⟨

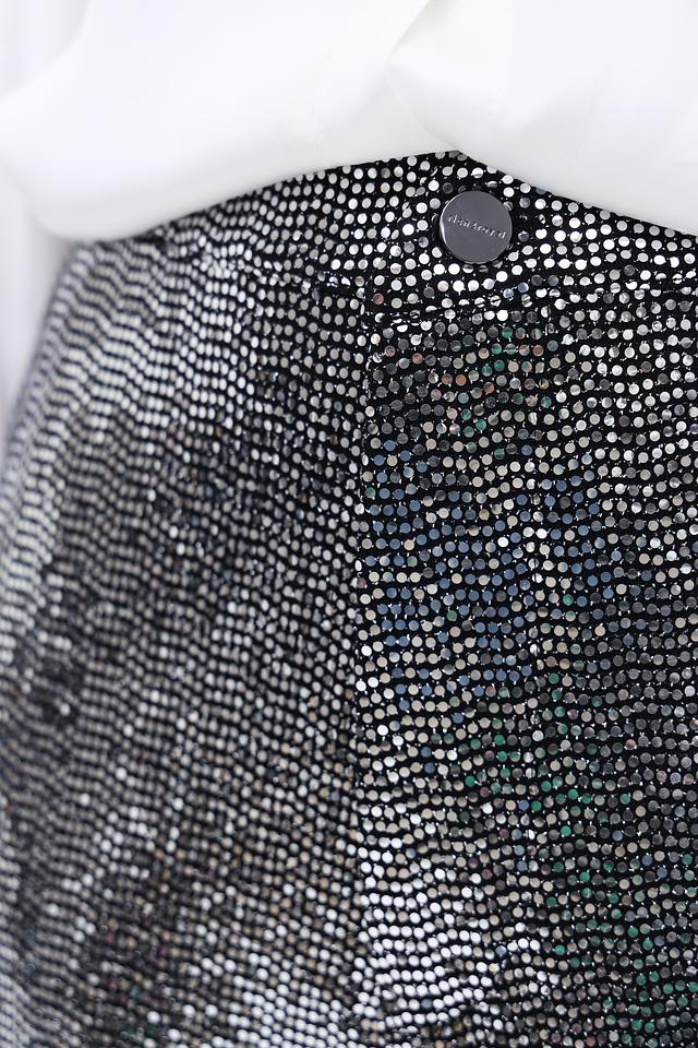 Брюки изготовлены из полиамида с добавлением металлизированной нити и эластана, что обеспечивает им прочность, износостойкость и небольшую эластичность. Высокая посадка визуально удлиняет ноги и подчеркивает талию, а широкий крой создает элегантный и женственный силуэт.
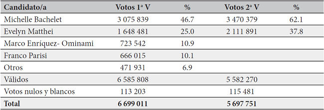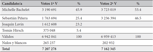 La campaña de Bachelet combinó sus atributos como popular ministra de Defensa con la alta popularidad del presidente saliente, Ricardo Lagos (Gamboa y Segovia, 2006; Morales, 2008; Navia, 2006; 2007). Su candidatura fue una mezcla de continuidad y cambio. Continuidad porque fue el cuarto gobierno consecutivo de la Concertación y cambio, ya que sería la primer mujer elegida democráticamente como presidenta (Morales, 2008; Navia, 2007). La alta votación femenina que obtuvo Bachelet fue atribuida a la solidaridad de género (Morales, 2008), pero sus cualidades personales ayudaron a que su candidatura generara confianza y credibilidad (Morales, 2008: 14). En la Alianza, mientras Lavín buscó el apoyo de sectores populares, Piñera se centró en captar votos del votante de derecha y al electorado más moderado de la Concertación (Gamboa y Segovia, 2006). El cuadro 1 resume los resultados de esa elección.
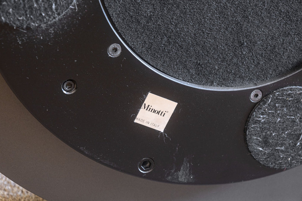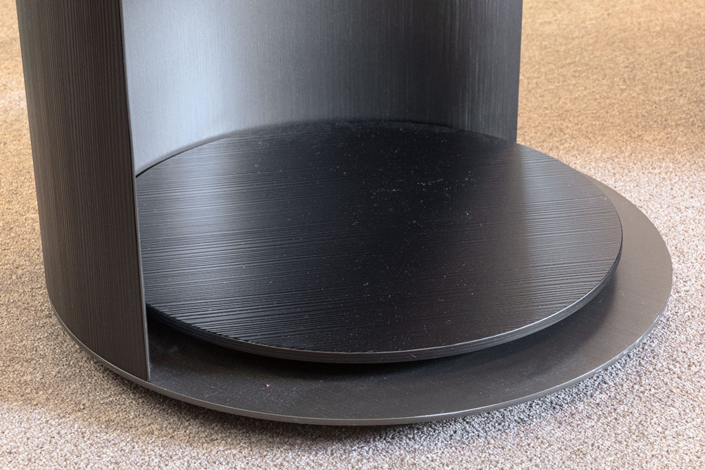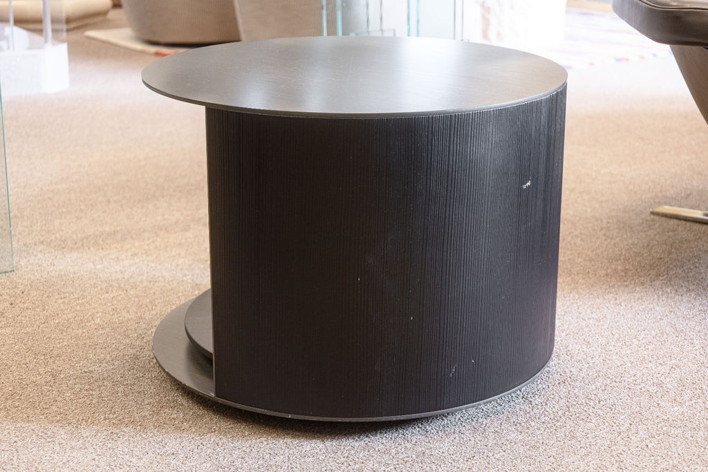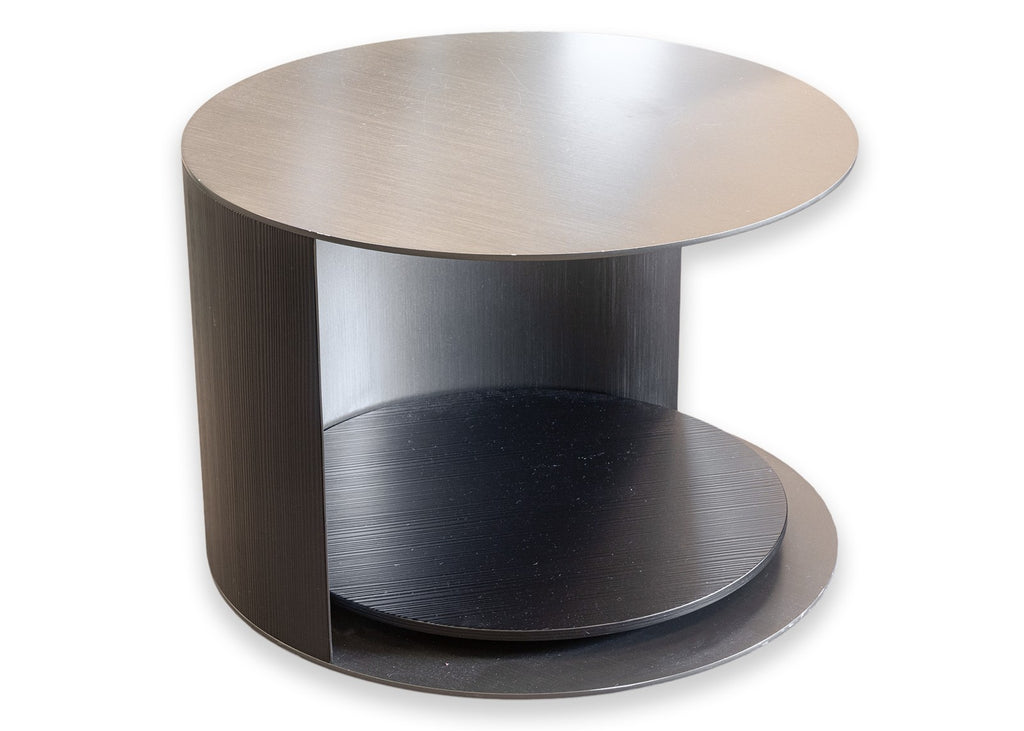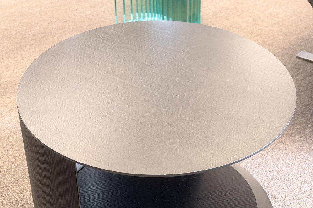 A Minotti Richer side end table by Rodolfo Dordoni. This table features a minimal contemporary modern design. It features a two tier design, constructed with a mix of satin finished aluminum and brushed larch wood. The lower secondary tier includes a unique wood face platform which rotates in a lazy suzan fashion for display and ease access. This table can be used as a side end table, or even as a small coffee table. It is in very good condition. It measures 17.25 inches tall, and has a 23.5 inch diameter.
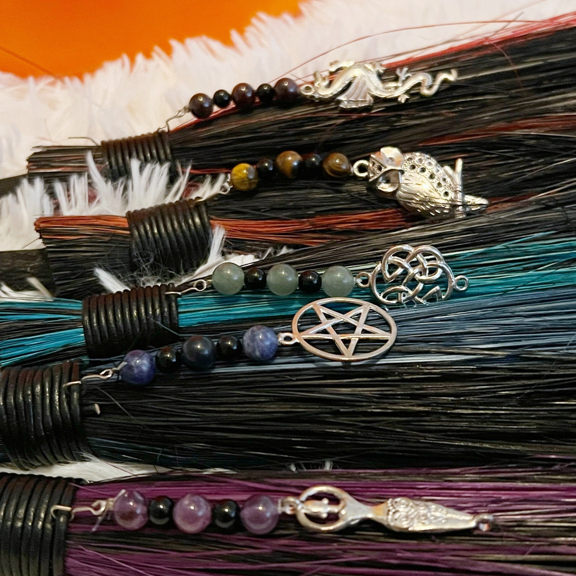 🧡 For a touch of mystery, choose the Black & Orange broom featuring Tiger Eye and Tourmaline beads, accompanied by an Owl Charm.
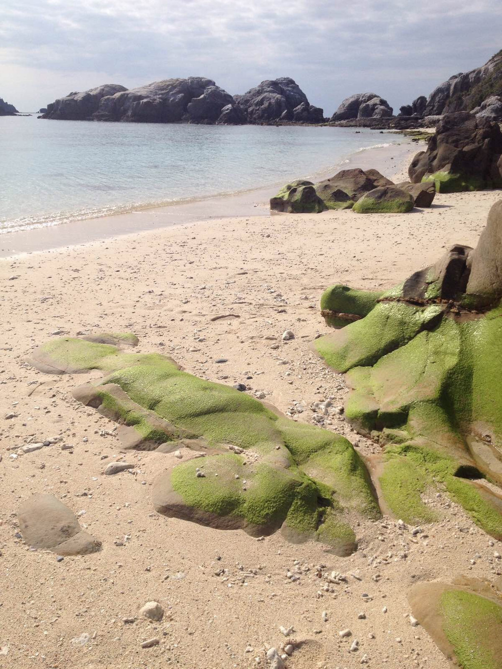 阿波连海滩,长满青苔的石头。
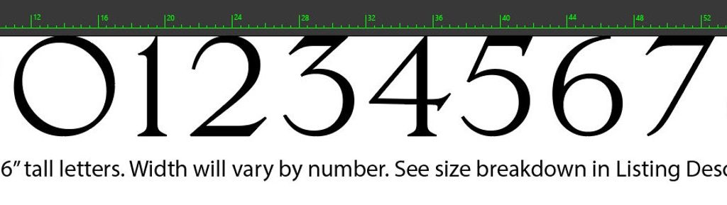 This listing is for 5, 6", 7" or 8" tall numbers. The width measurement will vary by number. Below is a list for reference (may vary slightly). If you are trying to work with a specific sized space and are unsure if this size and font style will fit, please message us and we will help determine if they will fit.
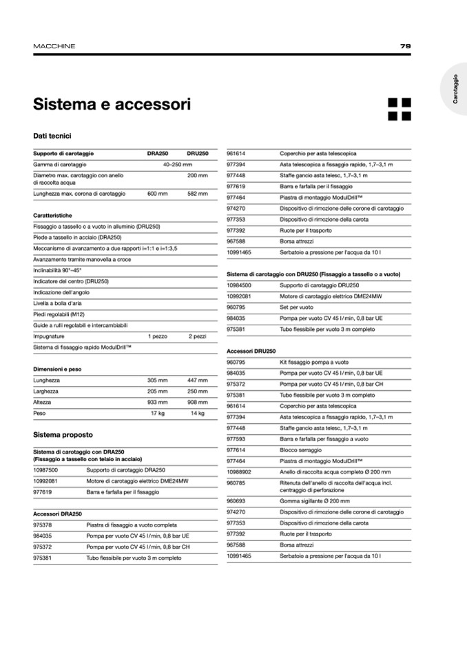 Sistema di carotaggio con DRU250 (Fissaggio a tassello o a vuoto)
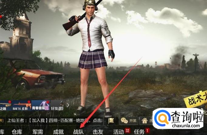 首先登录到游戏的客户端如下图,然后在最下面找到战队,然后点击进入如下图。

⟩

== ASSIGNMENT ==
The answer must be the exact lines from the line with "This listing is" to the final line of the data, both ends included, with no pictures.

== WRITTEN RESPONSE ==
 This listing is for 5, 6", 7" or 8" tall numbers. The width measurement will vary by number. Below is a list for reference (may vary slightly). If you are trying to work with a specific sized space and are unsure if this size and font style will fit, please message us and we will help determine if they will fit.
 Sistema di carotaggio con DRU250 (Fissaggio a tassello o a vuoto)
 首先登录到游戏的客户端如下图,然后在最下面找到战队,然后点击进入如下图。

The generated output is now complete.